The reduction of the size of the crown of C1 in Sahelanthropus tchadensis and Ardipithecus ramidus when compared to extant and fossil apes (Brunet et al., 2002, 2005; Suwa et al., 2009) is not reflected in the root morphology. The length of root of TM292-02-01 (Table 3) is comparable to that of Pan troglodytes (26.8–30.7 mm, Kupczik, 2008), much larger than the length of modern Homo sapiens (13.2–19.2 mm, Kupczik et al., 2008; Le Cabec et al., 2012) or Homo neanderthalensis (17.2–25.6 mm, Le Cabec et al., 2012). The roots of C1 are robust and ventrally deep in Sahelanthropus tchadensis and Ardipithecus ramidus, even more so in S. tchadensis than in A. ramidus (Suwa et al., 2009).
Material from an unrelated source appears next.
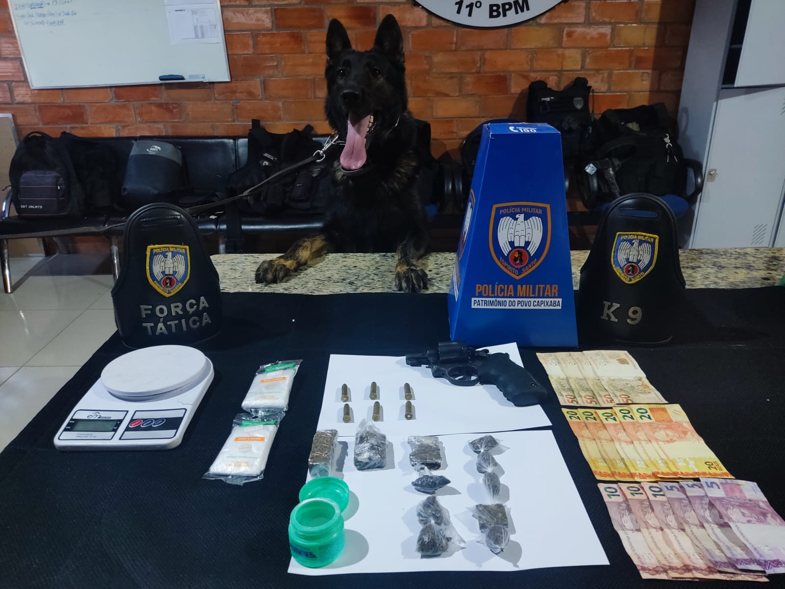 Com o auxílio da cadela Athena, especializada em detecção de armas e drogas, foram localizados um re...

This morphology for early hominins is much like that of Pan or Gorilla, while the roots of C1 are thinner and ventrally shallower in australopithecins and Homo (Wood et al., 1988; Kupczik, 2003; Shields, 2005).
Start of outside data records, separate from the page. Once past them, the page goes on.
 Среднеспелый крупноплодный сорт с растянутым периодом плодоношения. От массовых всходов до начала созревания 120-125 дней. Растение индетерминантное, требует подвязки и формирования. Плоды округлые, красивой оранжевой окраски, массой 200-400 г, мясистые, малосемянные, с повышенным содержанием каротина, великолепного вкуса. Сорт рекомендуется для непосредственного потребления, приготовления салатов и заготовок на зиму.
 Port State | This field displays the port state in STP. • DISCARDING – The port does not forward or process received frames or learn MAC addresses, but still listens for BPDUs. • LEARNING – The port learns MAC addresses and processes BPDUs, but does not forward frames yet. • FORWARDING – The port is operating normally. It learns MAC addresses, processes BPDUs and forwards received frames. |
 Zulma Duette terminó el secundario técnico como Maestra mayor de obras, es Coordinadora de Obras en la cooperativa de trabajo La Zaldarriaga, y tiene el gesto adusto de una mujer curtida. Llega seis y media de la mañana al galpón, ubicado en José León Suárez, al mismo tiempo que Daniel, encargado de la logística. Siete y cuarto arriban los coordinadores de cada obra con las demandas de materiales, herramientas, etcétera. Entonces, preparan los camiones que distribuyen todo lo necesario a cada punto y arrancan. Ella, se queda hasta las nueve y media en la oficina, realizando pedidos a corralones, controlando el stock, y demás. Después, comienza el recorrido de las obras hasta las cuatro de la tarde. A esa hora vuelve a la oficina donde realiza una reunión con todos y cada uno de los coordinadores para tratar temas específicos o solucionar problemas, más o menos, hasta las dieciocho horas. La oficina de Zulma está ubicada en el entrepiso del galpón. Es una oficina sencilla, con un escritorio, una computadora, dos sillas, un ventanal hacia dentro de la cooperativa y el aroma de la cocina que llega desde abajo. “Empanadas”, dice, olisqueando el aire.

The morphology of P3 roots in Sahelanthropus, including the buccal position of the mesial root and the bucco-lingual compression of the distal root, differs from the morphologies observed in African apes. This peculiar morphology is also commonly reported in australopithecins (Wood et al., 1988). The distal root has two pulp canals, but its bucco-lingual breadth is low for a two-canals root (especially in TM292-02-01, Table 4), closer to the values observed in Tomes' roots than other distal roots with two canals (Table 4). Tomes' roots are frequent in early Homo (Wood et al., 1988) and observed also in extant humans (Shields, 2005). The morphology observed in Sahelanthropus could thus represent in a morphological series an intermediary state between African ape morphology and the hominin morphology.
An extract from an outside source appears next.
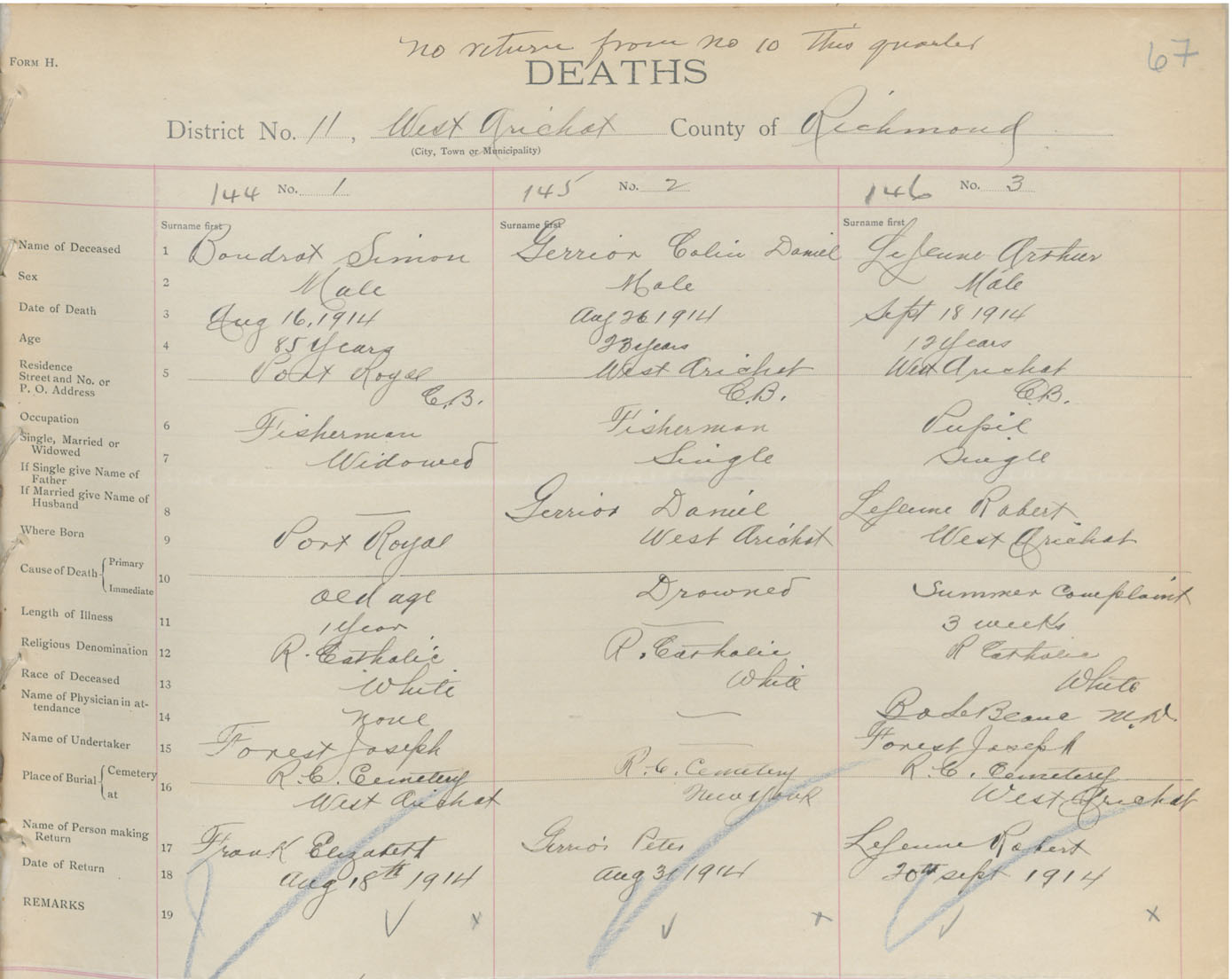 Male Death Registration: Year: 1914 book: 47 page: 67 number: 144

The morphology of P4 of TM266-02-154-1 and TM292-02-01 also differs from that of African apes. The ventrally deep, very straight roots are in contact for at least the two thirds of their length (TM266-02-154-1) up to the three quarters (TM292-02-01); only the most apical parts of the roots are clearly separated. As a result, the transversal section of the root appears like a rounded square (Figs. 1 and 2). This rare morphology is not reported in African apes, but is sometimes observed in Australopithecus (e.g., KNM-ER 3734, 1483, 1501; OH16, 23, 37; Wood et al., 1998). Like for P3, the morphology of roots of P4 in Sahelanthropus evokes that of later hominins, notably Tomes' root (Ardipithecus kaddaba, Australopithecus) and single-rooted P4 (Ardipithecus ramidus, Australopithecus, Homo), and could be interpreted in a morphological series as an intermediary state between African apes and human morphologies.
The roots of M1 and M2 are rectilinear in African apes, while they are curved in humans, concave to the distal (respectively mesial) side for the mesial (distal) roots. The roots of molars of Sahelanthropus are curved like those of humans, even if the distal root of the first molar is only slightly curved (Figs. 1 and 2). They are also absolutely longer (Table 3) than those of Homo sapiens (14.6–15.3 mm for M1, 14.7–15.8 mm for M2, Kupczik et al., 2008, 2010) and Pan troglodytes (12.1–15.4 mm for M1, 11.1–14.3 mm for M2, Kupczik et al., 2008).